* **Exercise description**
Below are some entries. Transcribe the lines from the one holding "Oι Ιταλοί δημοσιογράφοι" to the one holding "9月7日(月)8日(火)と2日間、部活動のアルバム用写真撮影が行われました。", inclusive, but not the pictures among them.

----- Material for this exercise

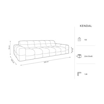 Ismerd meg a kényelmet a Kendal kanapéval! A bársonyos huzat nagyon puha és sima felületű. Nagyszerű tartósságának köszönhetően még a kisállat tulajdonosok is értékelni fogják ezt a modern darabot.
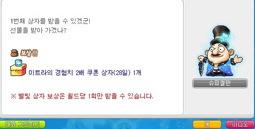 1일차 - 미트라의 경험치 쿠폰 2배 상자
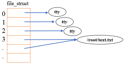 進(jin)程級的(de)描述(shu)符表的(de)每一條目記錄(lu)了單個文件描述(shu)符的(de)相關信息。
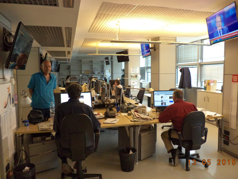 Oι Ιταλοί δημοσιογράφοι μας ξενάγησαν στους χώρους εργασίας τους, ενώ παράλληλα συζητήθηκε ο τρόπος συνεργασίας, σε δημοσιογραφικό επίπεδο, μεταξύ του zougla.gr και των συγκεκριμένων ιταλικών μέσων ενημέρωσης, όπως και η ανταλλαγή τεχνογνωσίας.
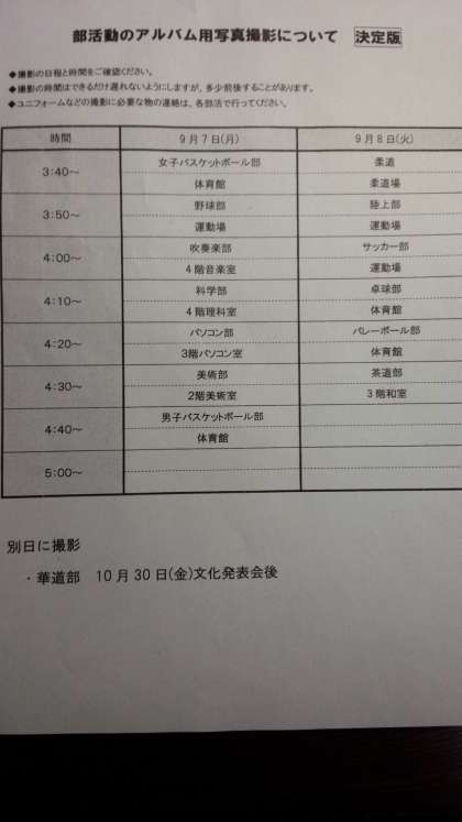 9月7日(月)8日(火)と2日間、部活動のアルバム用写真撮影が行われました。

----------
----- Material for this exercise

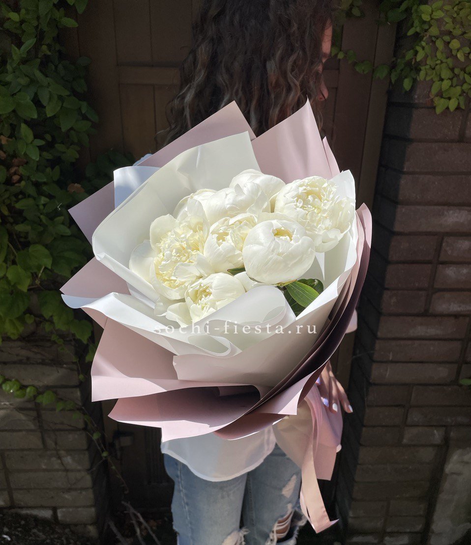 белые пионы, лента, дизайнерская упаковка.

----------

* **Final answer**
 Oι Ιταλοί δημοσιογράφοι μας ξενάγησαν στους χώρους εργασίας τους, ενώ παράλληλα συζητήθηκε ο τρόπος συνεργασίας, σε δημοσιογραφικό επίπεδο, μεταξύ του zougla.gr και των συγκεκριμένων ιταλικών μέσων ενημέρωσης, όπως και η ανταλλαγή τεχνογνωσίας.
 9月7日(月)8日(火)と2日間、部活動のアルバム用写真撮影が行われました。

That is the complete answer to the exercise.